Atskuri (აწყური) is a village in Akhaltsikhe Municipality, Samtskhe–Javakheti region, Georgia. It is the center of a local community that also includes the villages of Tiseli and Tkemlana.

The village is located on the banks of the Mtkvari River, near the confluence with the Abanoskhevi River, at an elevation of 900 metres above sea level and approximately 22 km from Akhaltsikhe. The local economy is based on animal husbandry and fruit growing. The village has a public school, culture house, library, and pharmacy. In the Middle Ages, Atskuri was a town.

== Demographics ==
According to the 2014 census, Atskuri had a population of 1,539.

| Census year | Population | Men | Women |
|---|---|---|---|
| 2002 | 1,984 | 945 | 1,039 |
| 2014 | 1,539 | 760 | 779 |

== Etymology ==
The name Atskuri is derived from the Georgian root *tsq* (water), found in words such as *tsqali* (water) and *tsqaro* (spring). The toponym is generally interpreted as meaning “a watery place” or “place of water”.

== History ==
Atskuri is one of the oldest settlements in Georgia. Its earlier name was Sosangeti, and it is also mentioned in historical sources as Atskveri. It is first recorded in the 11th century. According to Georgian chronicles, a church was built here during the campaign of Byzantine Emperor Heraclius in the 7th century.

In the early feudal period, Atskuri was an important political center of Samtskhe and the seat of the Samdzivari noble family. It remained significant during the existence of the Samtskhe–Atabegate. Several Georgian scribes and clerics worked in Atskuri, including Giorgi Matsqvereli (9th–10th century), Gabriel Kotai (11th century), Ioakime Matsqvereli (16th century), and Ieremia Matsqvereli (16th century).

In the second half of the 16th century, Atskuri was occupied by the Ottoman Empire.

In the 18th century, it was a small town with customs posts. Following the Treaty of Adrianople (1829), it was transferred to the Russian Empire and incorporated into the Akhaltsikhe district.

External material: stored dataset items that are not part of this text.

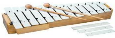
Slika 4: Metalofon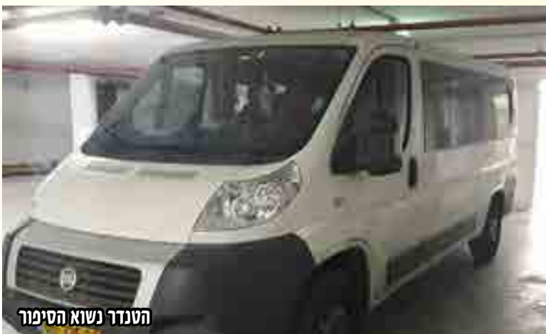
הטנדר נשוא הסיפור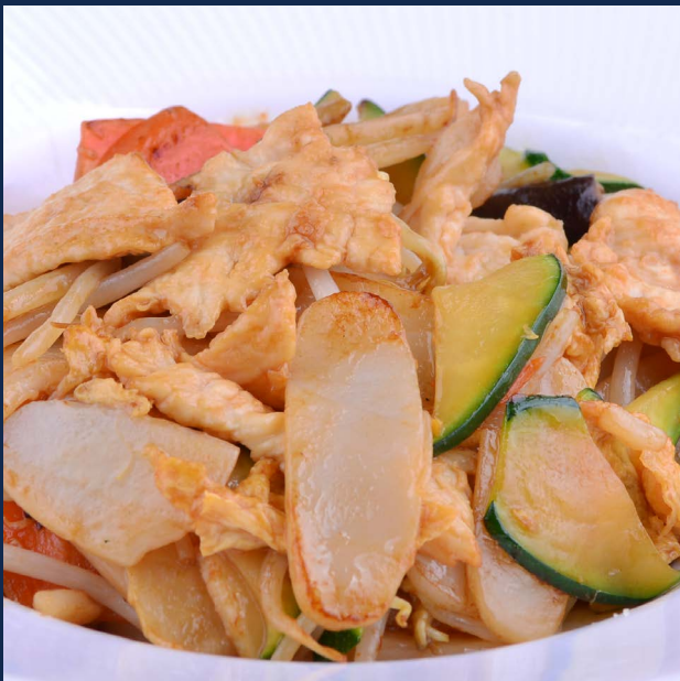
143. Gnocchi di riso con pollo e verdure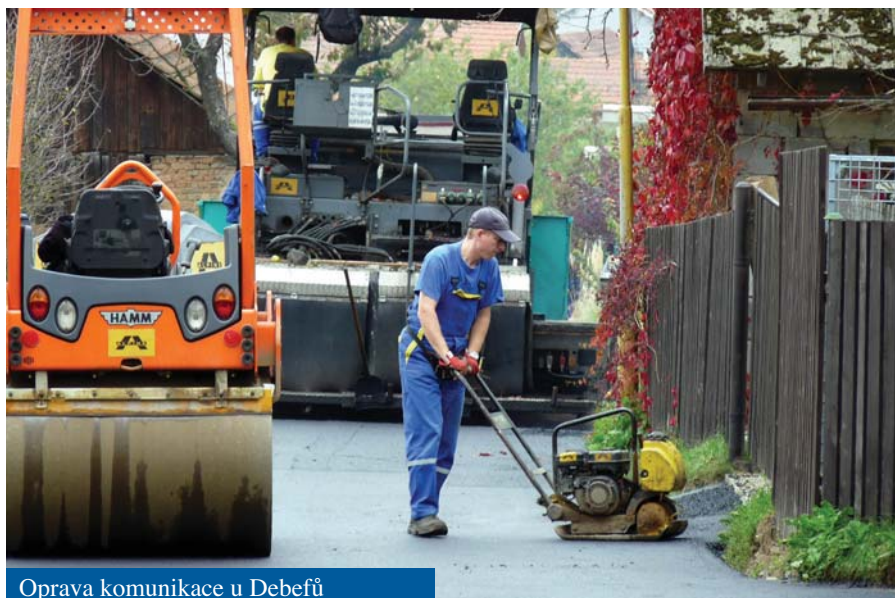
Oprava komunikace u Debefů

• Michal Dorňák pořádal na rybníku Extremendurocross a pan Zůbek se obával o život papoušků na Trhovisku.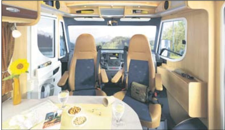
Ilmastoitettu matkailuauto on viihtyisä lomakoti pyörien päällä.

Haluaisitko sinä vaihtaa maisemaa mielesi mukaan ja samalla nauttia majapaikan pysyvyydestä? Vuokraamalla matkailuauton pääset kätevästi karavaanitielle.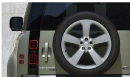
22" (wzór 5098) Sparkle Silver 6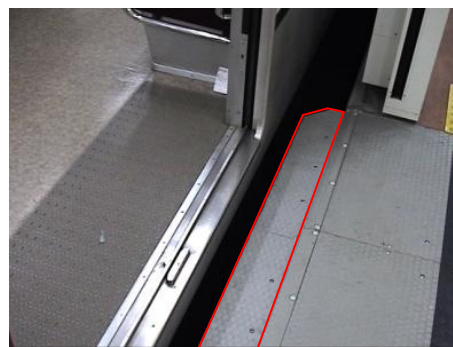
可動ステップ：赤枠部分がホームドアの開閉に連動してスライドし隙間を埋める。

さらに、曲線ホーム区間でホームと車両の隙間が大きい箇所には、可動ステップも取り付け、より一層の安全性向上に努めています。今回の使用開始区間では、江戸川橋駅の 13 か所に設置します。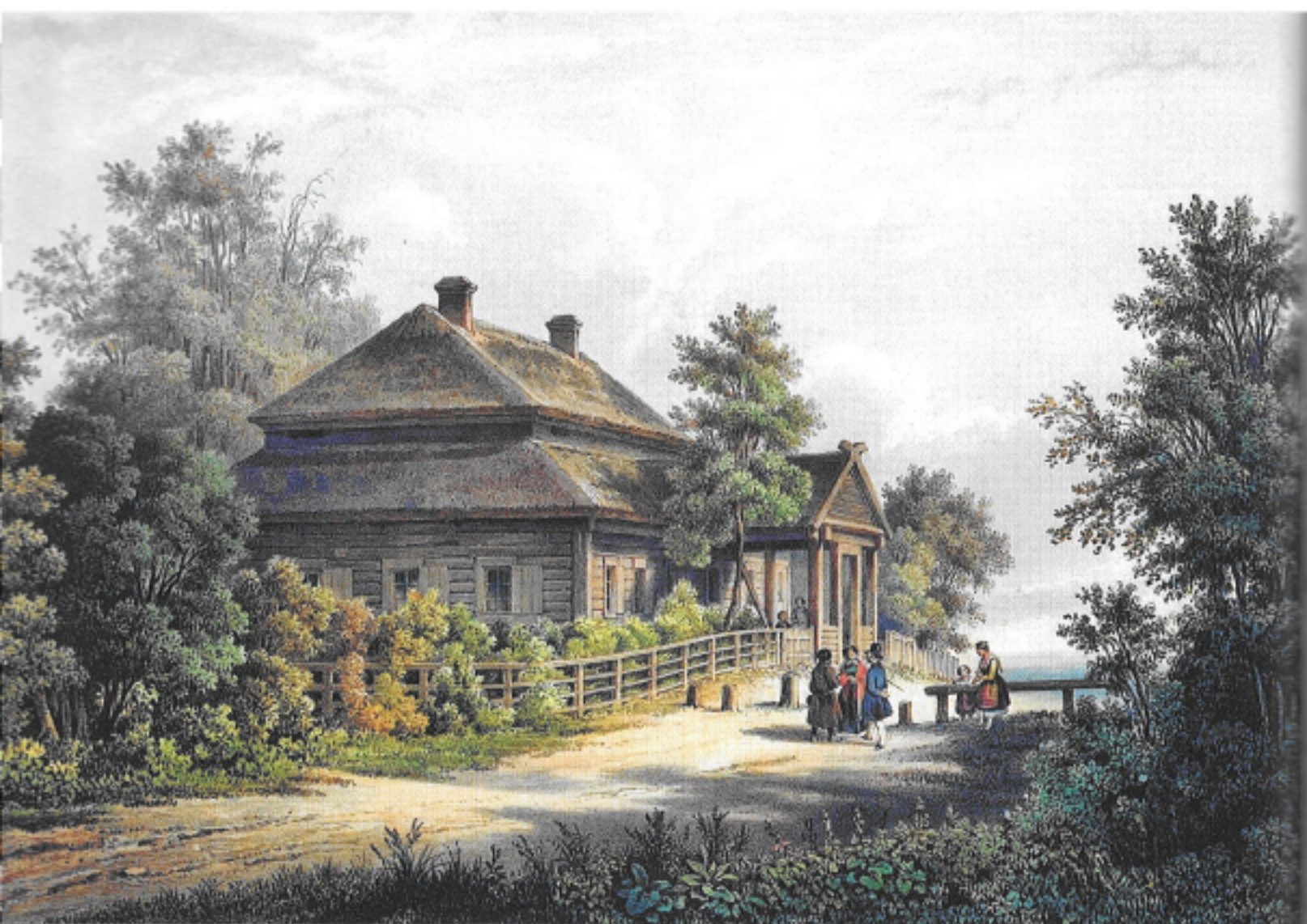
Dworek w Merczowszczyźnie, w którym urodził się Tadeusz Kościuszko, na litografii Victora Adama z 1848 r. Tadeusz spędził w nim pierwsze lata życia, potem rodzina przeniósła się do Siechnowicz.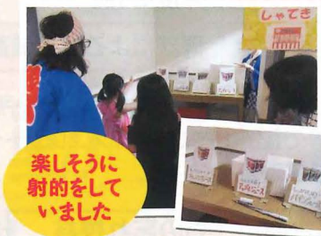
楽しそうに射的をしていました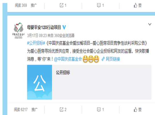
上图：在官网、招标网、基金会中心网等发布爱心厨房招标信息。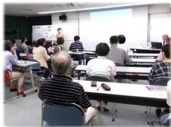
(問) 宝塚市男女共同参画センター 0797-86-4006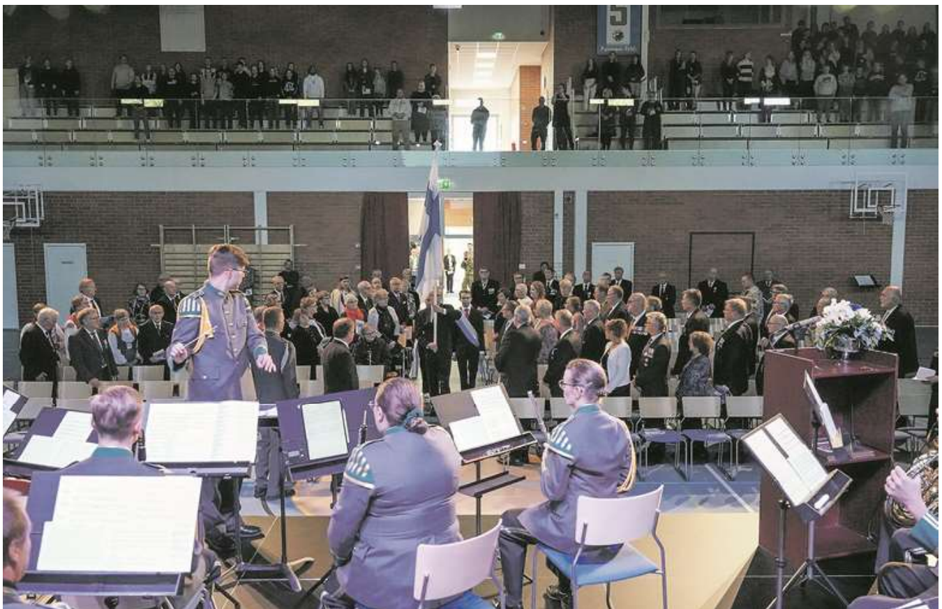
Suomen lippu saapui juhlaan Lippulaulun ja Lapin sotilassoittokunnan tahdittamana. Sotilassoittokunta soitti maanpuolustusjuhlassa useita kappaleita.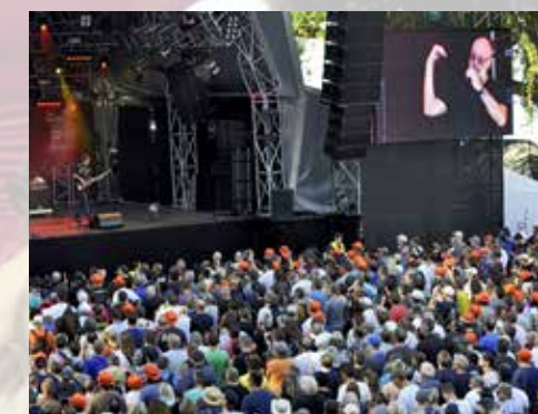
Fish – ein gelungener «SummerDays»-Auftakt.

During the 19th century, the population changed significantly due to migration. Armenian settlers arrived in 1830, while many local Georgian Muslims and Jewish residents later emigrated.

== Diocese ==
Atskuri was an important episcopal center. The Atskuri Diocese is one of the oldest in Georgia. Its bishop was known as the Matsqvereli. The earliest known bishop was Ioseb (6th century). The last known bishop was Gedeon.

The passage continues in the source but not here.